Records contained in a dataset
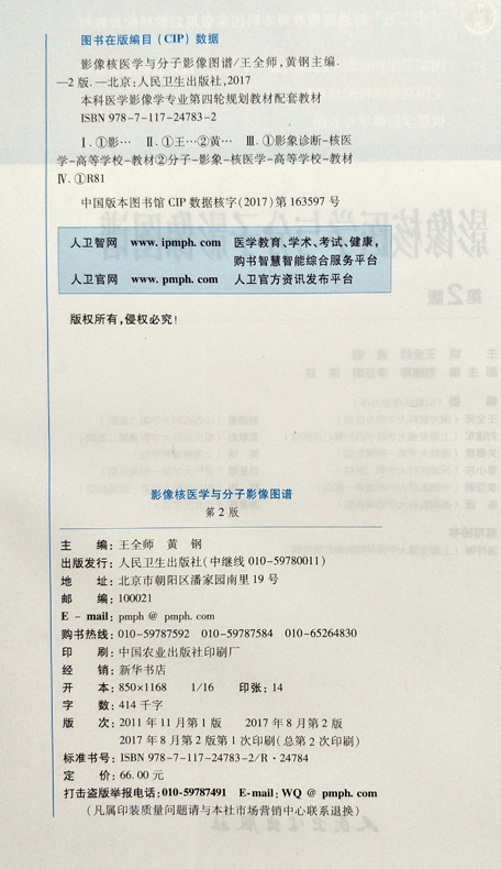 人民卫生出版 9787117247832 影像核医学与分子影像图谱 规划教材 王全师 十三五 正版 第2版 社 黄钢主编 包邮
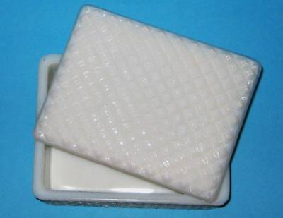 MILK GLASS TRINKET BOX WITH DIAMOND PATTERN
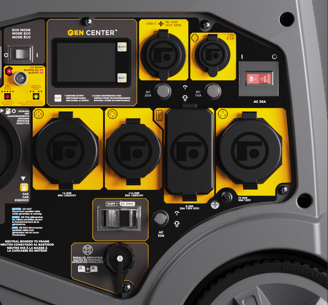 It operates at a quiet 67 dB (¼ load) and features a 120/240V output, making it RV ready and storm-ready. The outlet panel includes a 50A 120/240V (14-50R), 30A 120V RV (TT-30R), 30A 120/240V twist-lock (L14-30R), and even USB-A and USB-C ports for direct device charging.
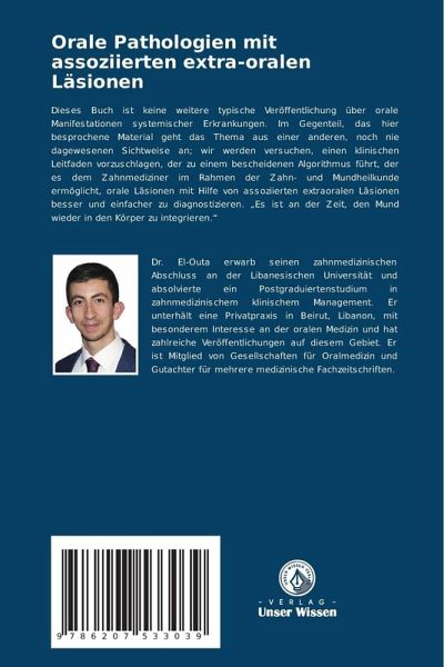 Dieses Buch ist keine weitere typische Veröffentlichung über orale Manifestationen systemischer Erkrankungen. Im Gegenteil, das hier besprochene Material geht das Thema aus einer anderen, noch nie dagewesenen Sichtweise an; wir werden versuchen, einen klinischen Leitfaden vorzuschlagen, der zu einem bescheidenen Algorithmus führt, der es dem Zahnmediziner im Rahmen der Zahn- und Mundheilkunde ermöglicht, orale Läsionen mit Hilfe von assoziierten extraoralen Läsionen besser und einfacher zu diagnostizieren. "Es ist an der Zeit, den Mund wieder in den Körper zu integrieren."
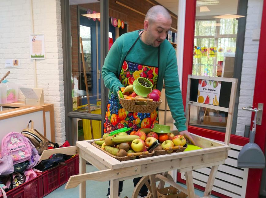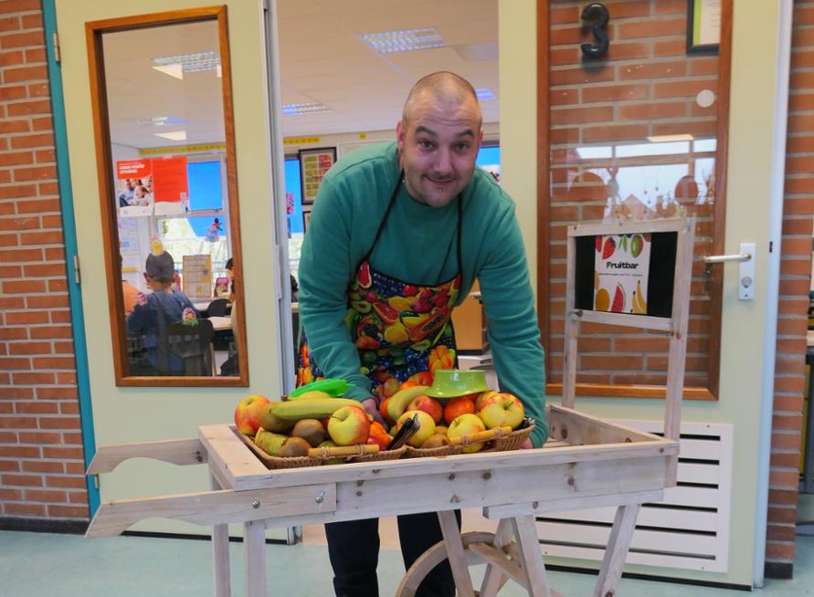 Vijf dagen per week rijdt Kevin met zijn zelfgebouwde fruitkar door de gangen van de kleine dorpsschool. Hij brengt het fruit langs de klassen, maakt praatjes en grapjes en deelt high fives uit. ‘De lach van die kinderen, daar doe je het voor,’ zegt hij met een twinkeling in zijn ogen. ‘Even contact, even gek doen – dat maakt hun dag, maar ook die van mij.’

### Activity
Since the pictures are not wanted, set down only the rest of each record, exactly as above.

### Expected answer
 人民卫生出版 9787117247832 影像核医学与分子影像图谱 规划教材 王全师 十三五 正版 第2版 社 黄钢主编 包邮
 MILK GLASS TRINKET BOX WITH DIAMOND PATTERN
 It operates at a quiet 67 dB (¼ load) and features a 120/240V output, making it RV ready and storm-ready. The outlet panel includes a 50A 120/240V (14-50R), 30A 120V RV (TT-30R), 30A 120/240V twist-lock (L14-30R), and even USB-A and USB-C ports for direct device charging.
 Dieses Buch ist keine weitere typische Veröffentlichung über orale Manifestationen systemischer Erkrankungen. Im Gegenteil, das hier besprochene Material geht das Thema aus einer anderen, noch nie dagewesenen Sichtweise an; wir werden versuchen, einen klinischen Leitfaden vorzuschlagen, der zu einem bescheidenen Algorithmus führt, der es dem Zahnmediziner im Rahmen der Zahn- und Mundheilkunde ermöglicht, orale Läsionen mit Hilfe von assoziierten extraoralen Läsionen besser und einfacher zu diagnostizieren. "Es ist an der Zeit, den Mund wieder in den Körper zu integrieren."
 Vijf dagen per week rijdt Kevin met zijn zelfgebouwde fruitkar door de gangen van de kleine dorpsschool. Hij brengt het fruit langs de klassen, maakt praatjes en grapjes en deelt high fives uit. ‘De lach van die kinderen, daar doe je het voor,’ zegt hij met een twinkeling in zijn ogen. ‘Even contact, even gek doen – dat maakt hun dag, maar ook die van mij.’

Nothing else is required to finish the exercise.